When
should you refinance?
Some
common reasons homeowners refinance include:
Lower monthly mortgage payments
Convert an adjustable rate mortgage (ARM) to a fixed-rate mortgage
Raise funds for family expenses (i.e. college tuition)
Pay off high-interest loans
Home improvements
The old rule of thumb is that you should refinance your home if interest rates
fall more than 2 percent. That's because refinancing usually involves most of
the same closing costs (loan origination fee, prepaid interest, etc.) as the
original loan. For anything less than 2 percent, the savings on your monthly
mortgage payment might not be significant enough to be worth your while.
Savings
vs. time
For some homeowners, though, the 2 percent rule is not as important as the time
needed to break even on the refinancing. For instance, if it costs $3,000 to
refinance a house, and the monthly mortgage payment is lowered by $90, it would
take almost 3 years for the savings to cover the costs of refinancing.
If all the information (survey, title search, etc.) for your old loan is still
current, however, the lender may be willing to waive many of the fees. In
addition, you may be able to roll the closing costs of a refinance loan into
the new note. In other words, you don't avoid the closing costs, but instead
pay them back over time along with the rest of the loan. If you consider this
option, be sure to calculate the potential savings vs. the expense of paying
off a higher principal balance.
Keep in mind that refinancing usually lengthens the time it takes to pay off
your house. If you are 3 years into a 30-year mortgage and then refinance with
a new 30-year loan, you'll end up making payments on the house for 33 years.

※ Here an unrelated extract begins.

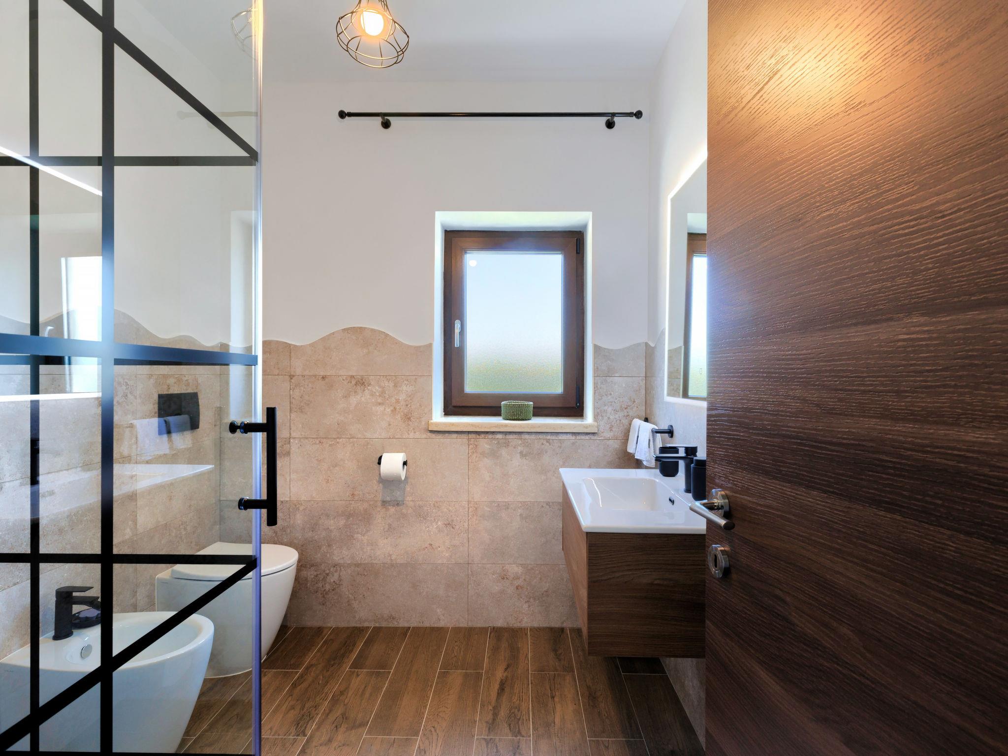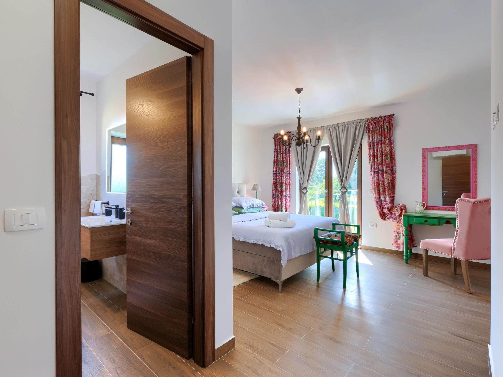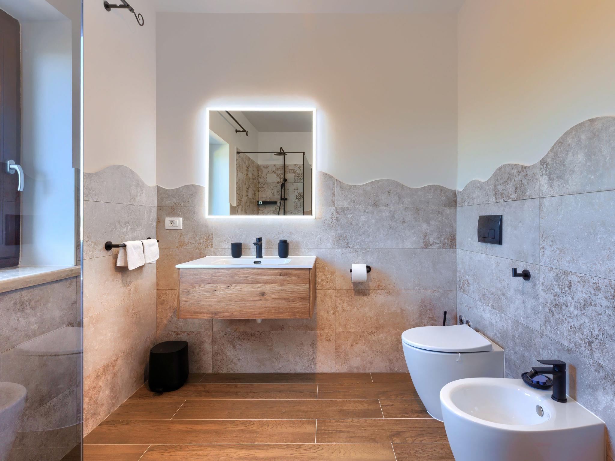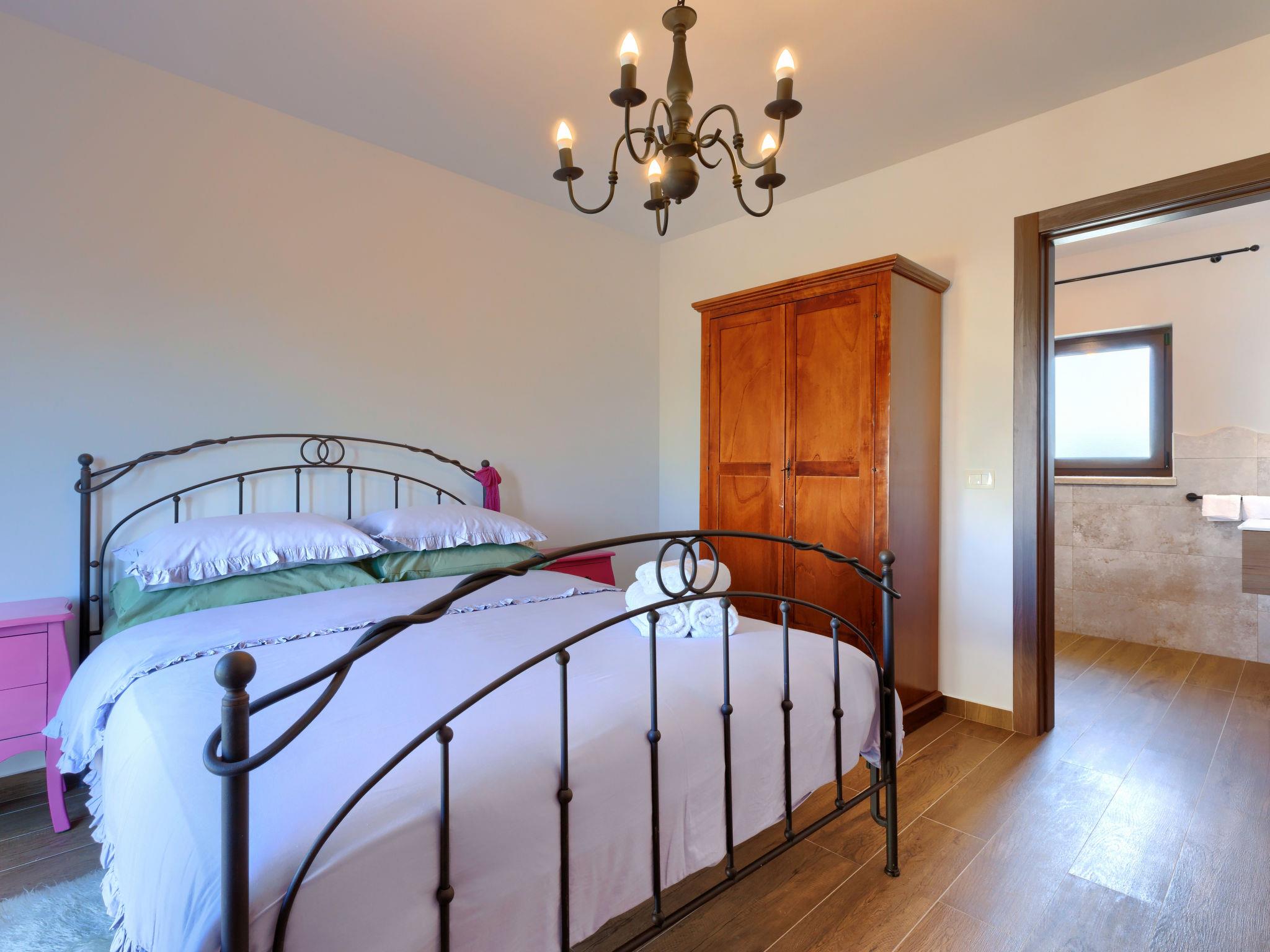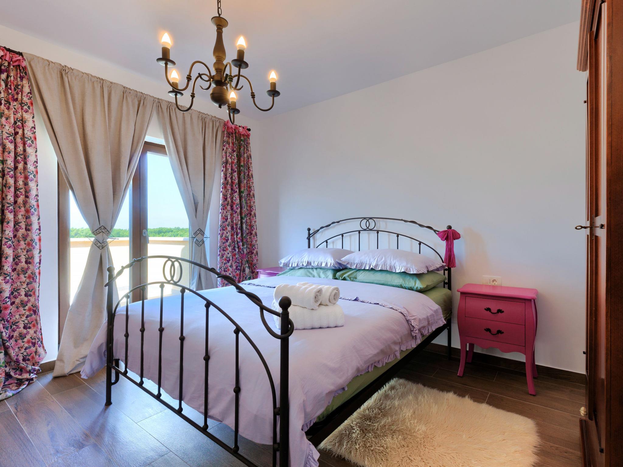 Large, beautiful single-family house "Gasparini", 2 storeys, built in 2022. In the hamlet Vranici 2 km from the centre of Višnjan, in a quiet, sunny position, 15 km from the sea, in the countryside. Private: property 3'000 m2 (fenced) with lawn and trees, swimming pool (10 x 4 m, depth 150 cm, seasonal availability: 01.May. - 15.Oct.) with internal staircase and salt-electrolysis pool-cleaning system. Outdoor shower, arbour, terrace (60 m2), garden furniture, barbecue, pool maintenance by the owner/gardener. In the house: internet access, burglar alarm system, washing machine. Parking (for 4 cars) at the house on the premises. Shop 2 km, supermarket 2 km, restaurant 2 km, bus stop 7.1 km, pebble beach 15 km. Please note: airfield 50 km from the property.

Nevertheless, if the monthly savings are substantial enough, you still could
end up paying much less over the long haul with the new loan.
Adjustable
Rate Mortgages (ARMs)
Timing can also be a factor in switching from an ARM to a fixed-rate
loan. For example, rising interest rates might influence you to covert your ARM
into a fixed-rate loan if you plan to stay in your house for several more
years.
Conversely, you may plan to move in a year or two, and find a lender who is
willing to offer you dramatic interest rate savings with an ARM. In this case
(and as long as the closing costs are minimal), it might make sense to switch
from a fixed-rate loan to an ARM.
Equity
Refinancing with a new loan doesn't mean you have to give up all the
money you've paid towards your old mortgage. With each payment, you build up a
certain amount of equity in a property--which is the amount you've paid on the
principal balance of the loan.
For example, if you have a $100,000 loan at 8 percent, you would build about
$2,800 worth of equity in the first 3 years. Thus, if you refinanced, the new
loan would only amount to $97,200.
Raising
cash with home equity loans... use caution
If you've built enough equity, you can refinance in order to
take cash out of the property. Perhaps you need money to pay off your credit
cards, add a new bathroom, or cover the costs of braces for a child.
Regardless, lenders will typically allow you to borrow against the equity
you've built in your house, plus appreciation (often up to 75 percent of the
current appraised value). These types of loans are also called home equity
loans.
Be cautious, however, of lenders offering 100 percent or 125 percent home
equity loans--their rates are often markedly higher than traditional lenders.
In addition, any amount you borrow that is above the market value of the house
is NOT tax deductible.
Talk
to your lender
With all the different types of refinancing loans available today, you
should take some time to shop around and speak with several lenders before
making a decision. Be sure to discuss all the expenses and benefits, as well as
what will be expected of you, in advance. The more you educate yourself, the
better your chances of finding the right refinancing package.